Task instructions: Starting at the line that contains "Im Nachmittagsprogramm haben", write out every line through the end of the records exactly as it stands, and leave out all pictures.

---

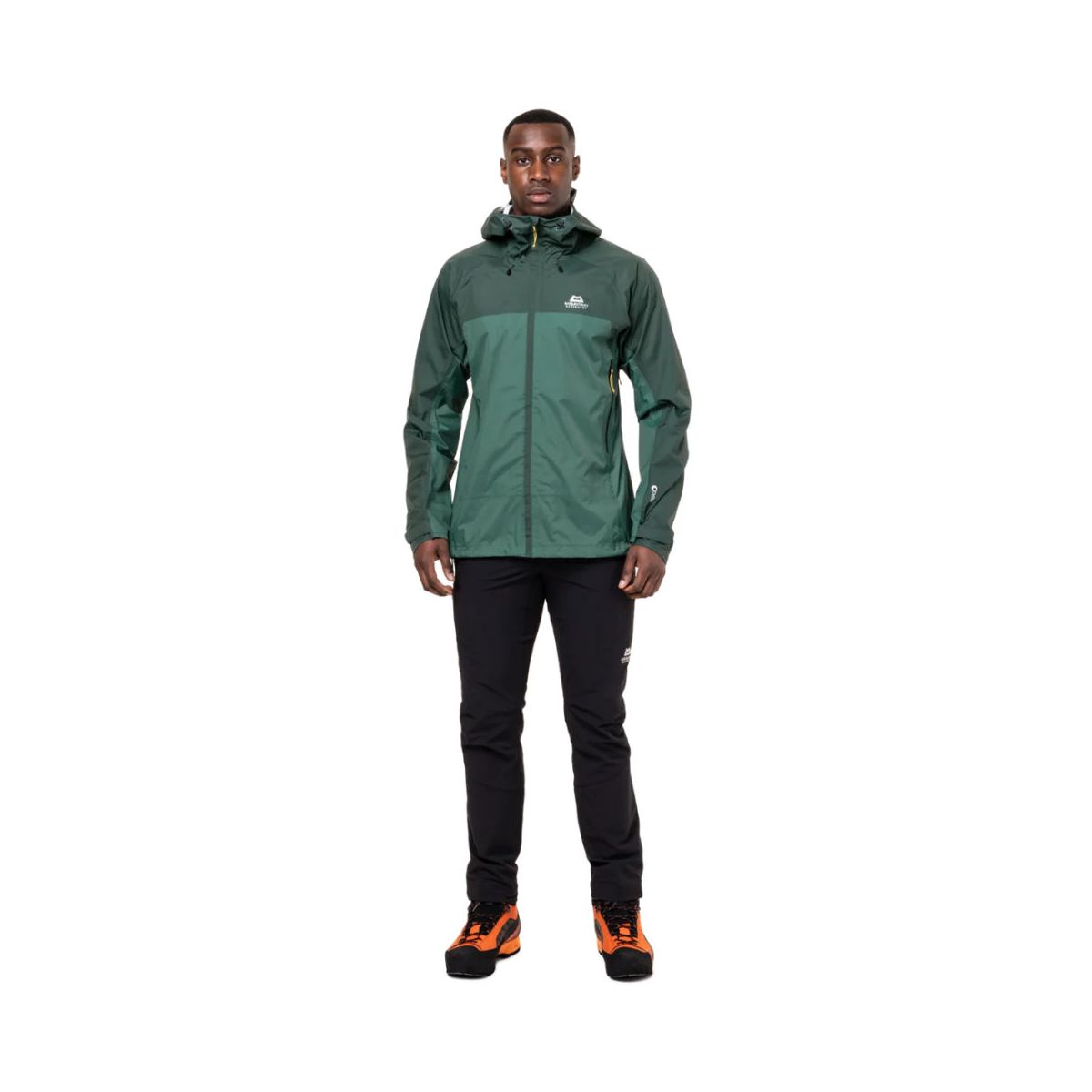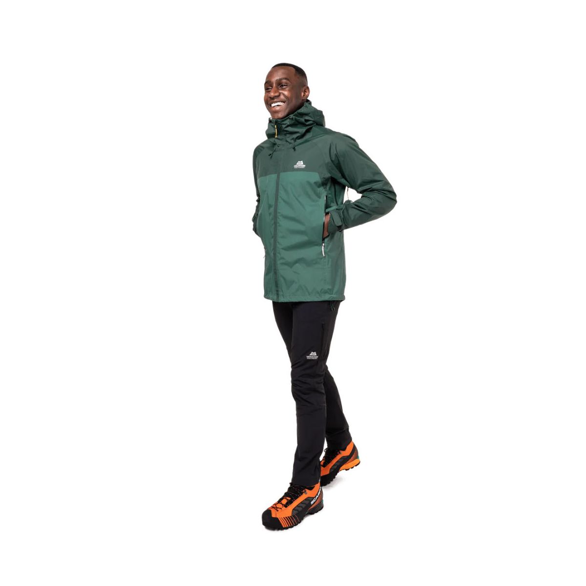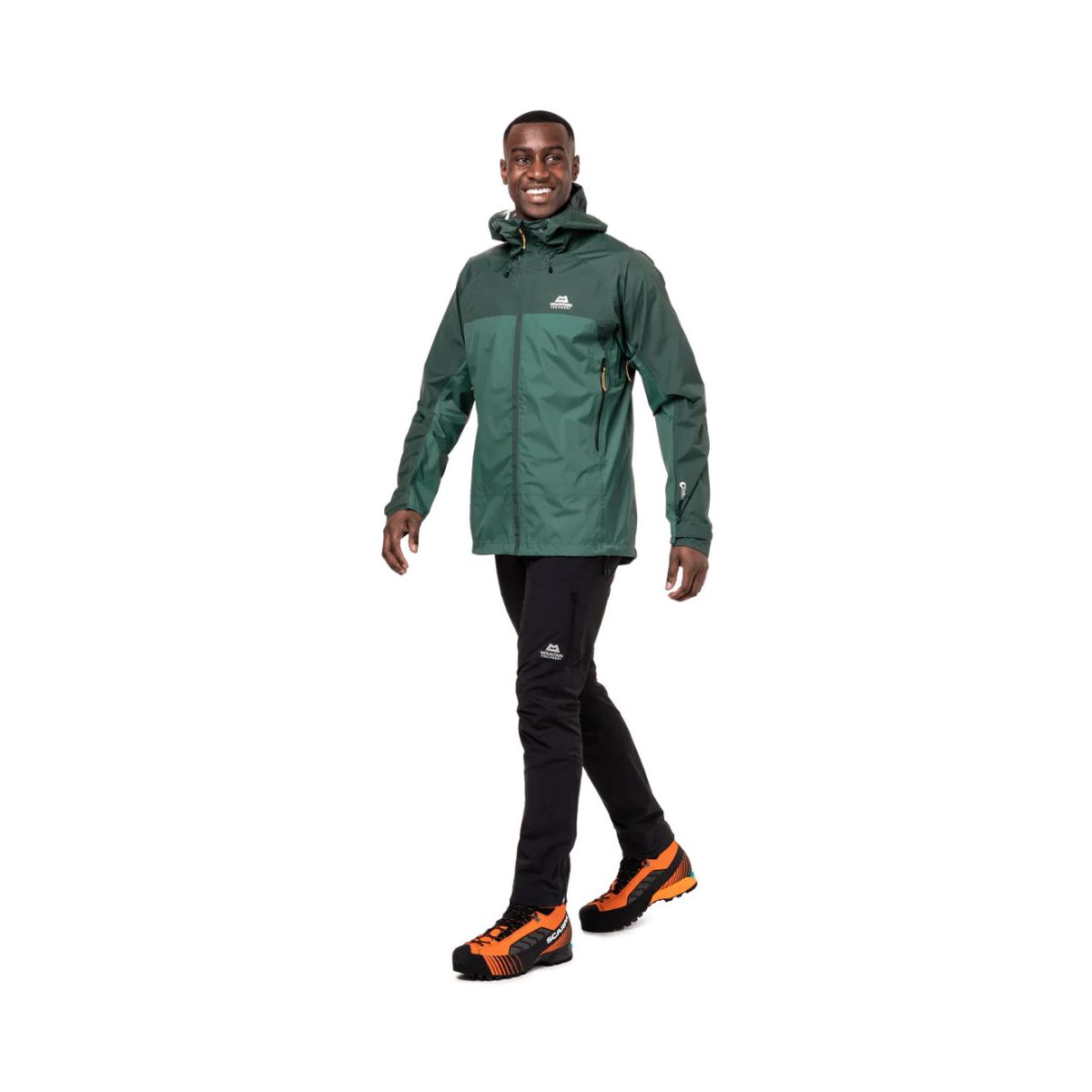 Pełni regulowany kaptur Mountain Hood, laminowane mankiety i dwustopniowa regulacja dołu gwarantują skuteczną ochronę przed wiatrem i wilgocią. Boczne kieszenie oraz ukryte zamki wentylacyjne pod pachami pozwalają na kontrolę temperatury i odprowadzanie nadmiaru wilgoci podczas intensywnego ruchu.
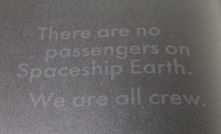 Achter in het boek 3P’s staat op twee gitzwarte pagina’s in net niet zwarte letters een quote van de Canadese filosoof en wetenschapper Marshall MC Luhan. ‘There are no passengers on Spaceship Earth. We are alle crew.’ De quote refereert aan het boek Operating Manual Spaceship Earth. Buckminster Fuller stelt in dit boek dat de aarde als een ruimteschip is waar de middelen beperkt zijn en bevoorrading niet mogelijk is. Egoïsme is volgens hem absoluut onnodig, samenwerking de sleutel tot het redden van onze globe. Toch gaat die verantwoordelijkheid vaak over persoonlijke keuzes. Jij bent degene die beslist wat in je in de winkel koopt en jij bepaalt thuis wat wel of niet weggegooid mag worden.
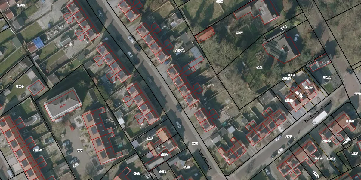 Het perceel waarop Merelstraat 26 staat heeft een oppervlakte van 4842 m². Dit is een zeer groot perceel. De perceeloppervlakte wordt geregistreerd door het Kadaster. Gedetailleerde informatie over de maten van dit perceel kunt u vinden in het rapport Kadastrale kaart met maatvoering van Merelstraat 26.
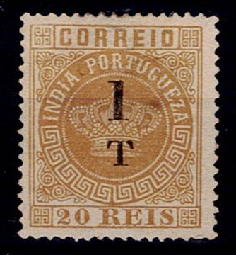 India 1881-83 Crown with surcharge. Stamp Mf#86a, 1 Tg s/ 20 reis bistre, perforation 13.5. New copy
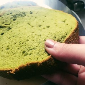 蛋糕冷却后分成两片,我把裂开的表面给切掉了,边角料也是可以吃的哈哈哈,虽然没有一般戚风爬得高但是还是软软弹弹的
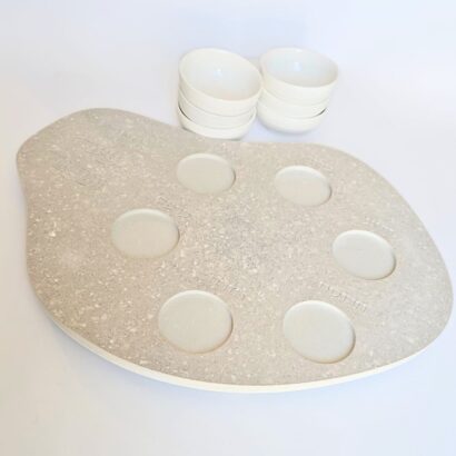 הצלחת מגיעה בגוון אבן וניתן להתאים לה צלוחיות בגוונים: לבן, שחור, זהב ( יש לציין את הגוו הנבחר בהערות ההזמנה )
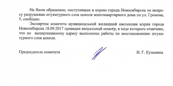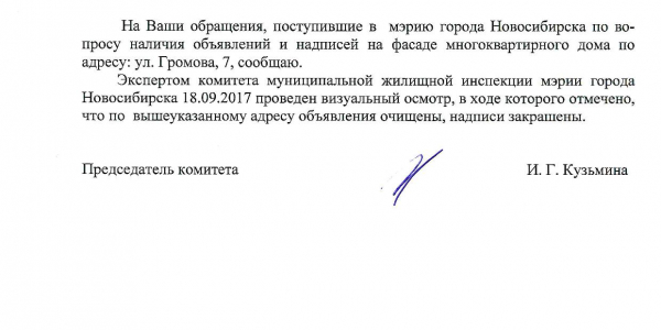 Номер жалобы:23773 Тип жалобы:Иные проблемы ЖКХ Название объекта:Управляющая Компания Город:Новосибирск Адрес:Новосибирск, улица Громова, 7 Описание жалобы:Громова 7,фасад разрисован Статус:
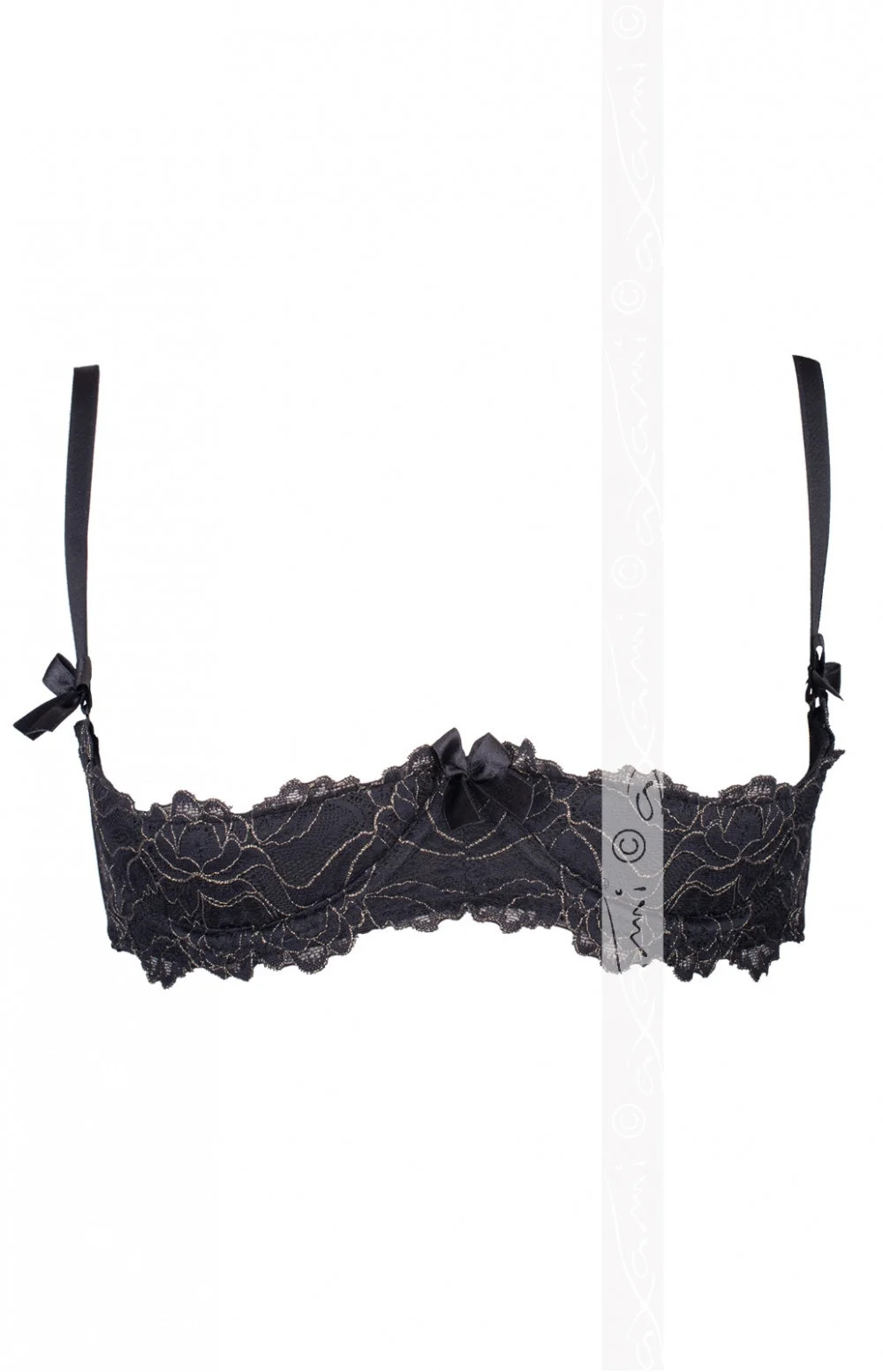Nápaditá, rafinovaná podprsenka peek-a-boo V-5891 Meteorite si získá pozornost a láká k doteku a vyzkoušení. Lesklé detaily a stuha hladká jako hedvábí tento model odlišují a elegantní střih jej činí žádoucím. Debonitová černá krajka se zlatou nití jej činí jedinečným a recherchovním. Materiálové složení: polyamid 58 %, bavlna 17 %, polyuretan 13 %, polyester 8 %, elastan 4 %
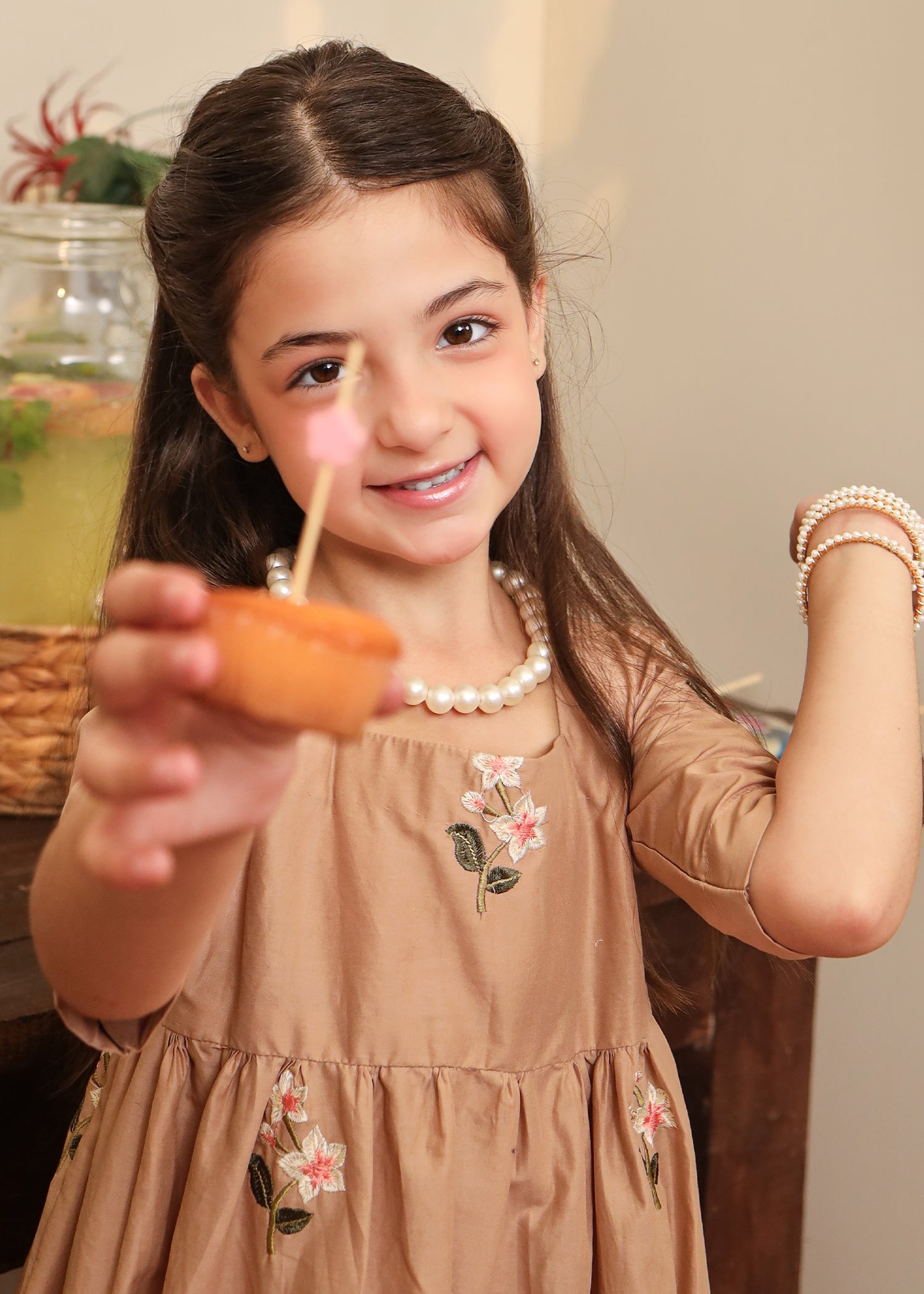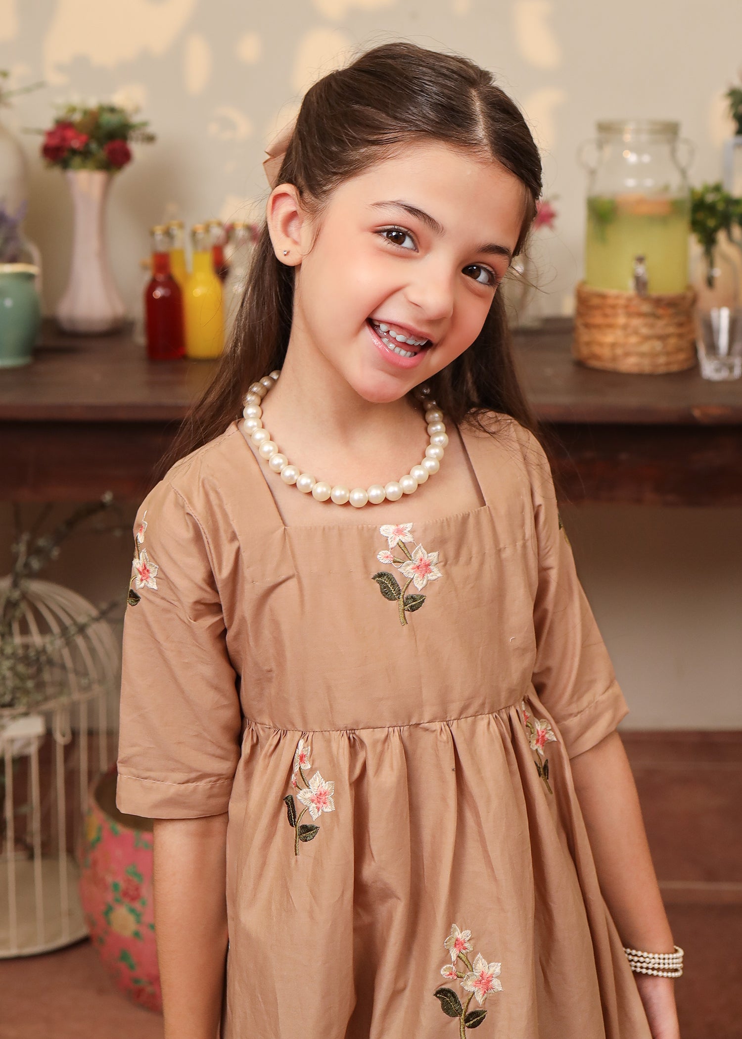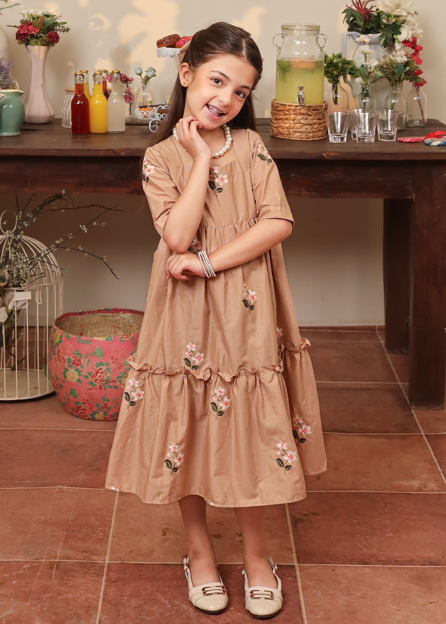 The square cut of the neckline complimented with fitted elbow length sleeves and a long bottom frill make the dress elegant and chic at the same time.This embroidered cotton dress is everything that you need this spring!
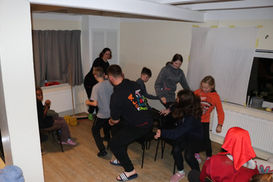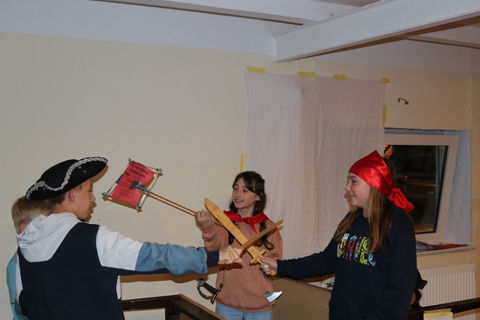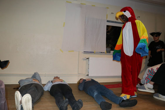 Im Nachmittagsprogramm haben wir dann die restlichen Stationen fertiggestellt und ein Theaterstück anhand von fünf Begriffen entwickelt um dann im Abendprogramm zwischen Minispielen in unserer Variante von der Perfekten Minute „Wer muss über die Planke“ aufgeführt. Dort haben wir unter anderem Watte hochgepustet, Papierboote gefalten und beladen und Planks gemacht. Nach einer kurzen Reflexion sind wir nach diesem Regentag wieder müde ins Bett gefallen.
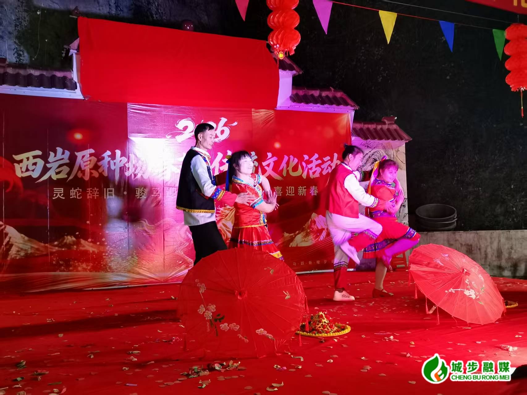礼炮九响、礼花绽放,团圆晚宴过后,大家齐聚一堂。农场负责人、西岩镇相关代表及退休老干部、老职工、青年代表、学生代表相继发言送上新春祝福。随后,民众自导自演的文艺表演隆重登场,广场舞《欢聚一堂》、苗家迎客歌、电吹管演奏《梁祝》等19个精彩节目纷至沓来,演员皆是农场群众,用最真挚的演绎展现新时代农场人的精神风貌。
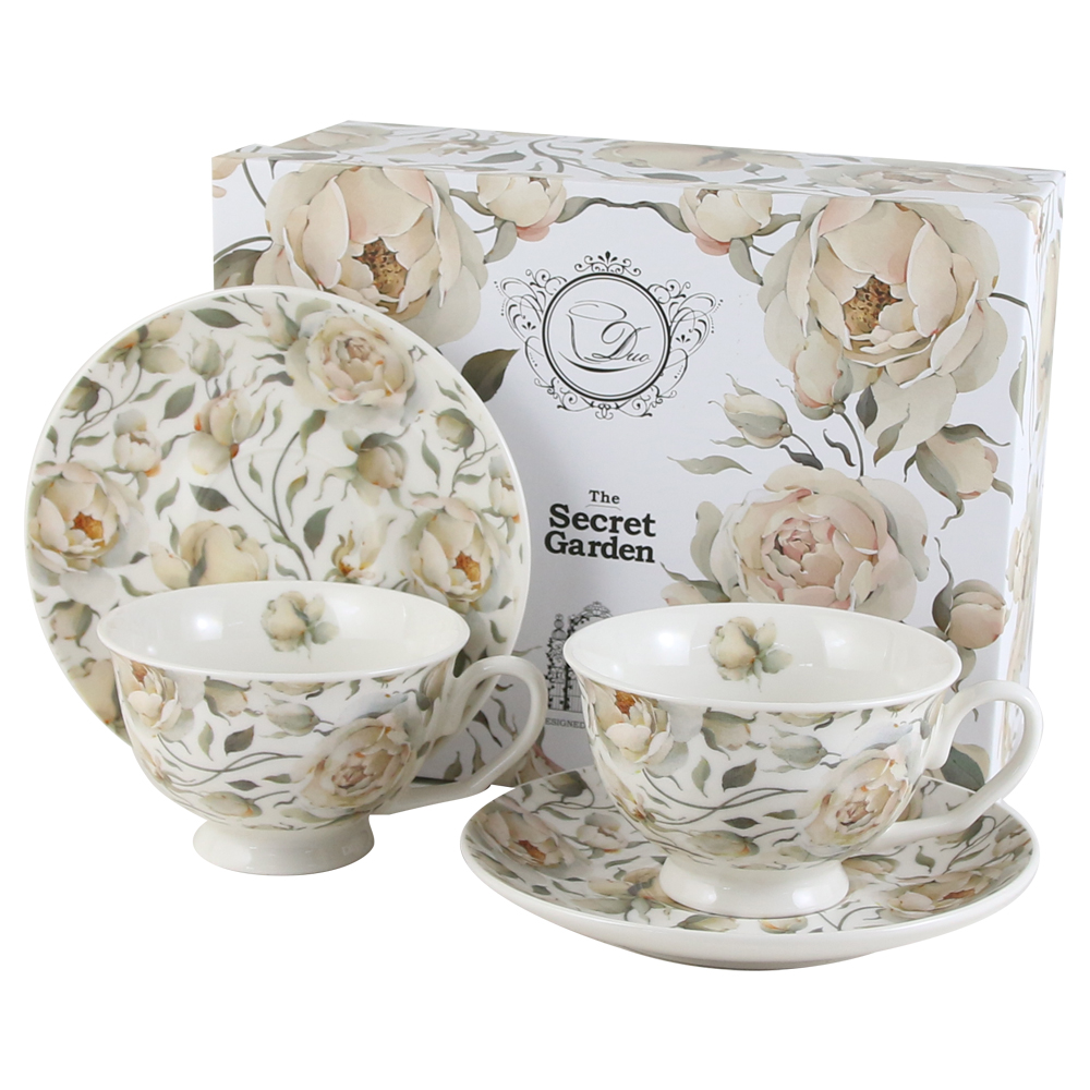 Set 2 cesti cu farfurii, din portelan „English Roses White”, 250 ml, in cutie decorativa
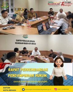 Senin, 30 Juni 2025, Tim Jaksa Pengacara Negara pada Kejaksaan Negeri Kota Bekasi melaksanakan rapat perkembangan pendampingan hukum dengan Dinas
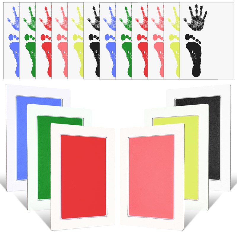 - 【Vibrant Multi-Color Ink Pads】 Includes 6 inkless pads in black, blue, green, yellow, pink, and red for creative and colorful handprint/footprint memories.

---

Task output:
 Im Nachmittagsprogramm haben wir dann die restlichen Stationen fertiggestellt und ein Theaterstück anhand von fünf Begriffen entwickelt um dann im Abendprogramm zwischen Minispielen in unserer Variante von der Perfekten Minute „Wer muss über die Planke“ aufgeführt. Dort haben wir unter anderem Watte hochgepustet, Papierboote gefalten und beladen und Planks gemacht. Nach einer kurzen Reflexion sind wir nach diesem Regentag wieder müde ins Bett gefallen.
礼炮九响、礼花绽放,团圆晚宴过后,大家齐聚一堂。农场负责人、西岩镇相关代表及退休老干部、老职工、青年代表、学生代表相继发言送上新春祝福。随后,民众自导自演的文艺表演隆重登场,广场舞《欢聚一堂》、苗家迎客歌、电吹管演奏《梁祝》等19个精彩节目纷至沓来,演员皆是农场群众,用最真挚的演绎展现新时代农场人的精神风貌。
 Set 2 cesti cu farfurii, din portelan „English Roses White”, 250 ml, in cutie decorativa
 Senin, 30 Juni 2025, Tim Jaksa Pengacara Negara pada Kejaksaan Negeri Kota Bekasi melaksanakan rapat perkembangan pendampingan hukum dengan Dinas
 - 【Vibrant Multi-Color Ink Pads】 Includes 6 inkless pads in black, blue, green, yellow, pink, and red for creative and colorful handprint/footprint memories.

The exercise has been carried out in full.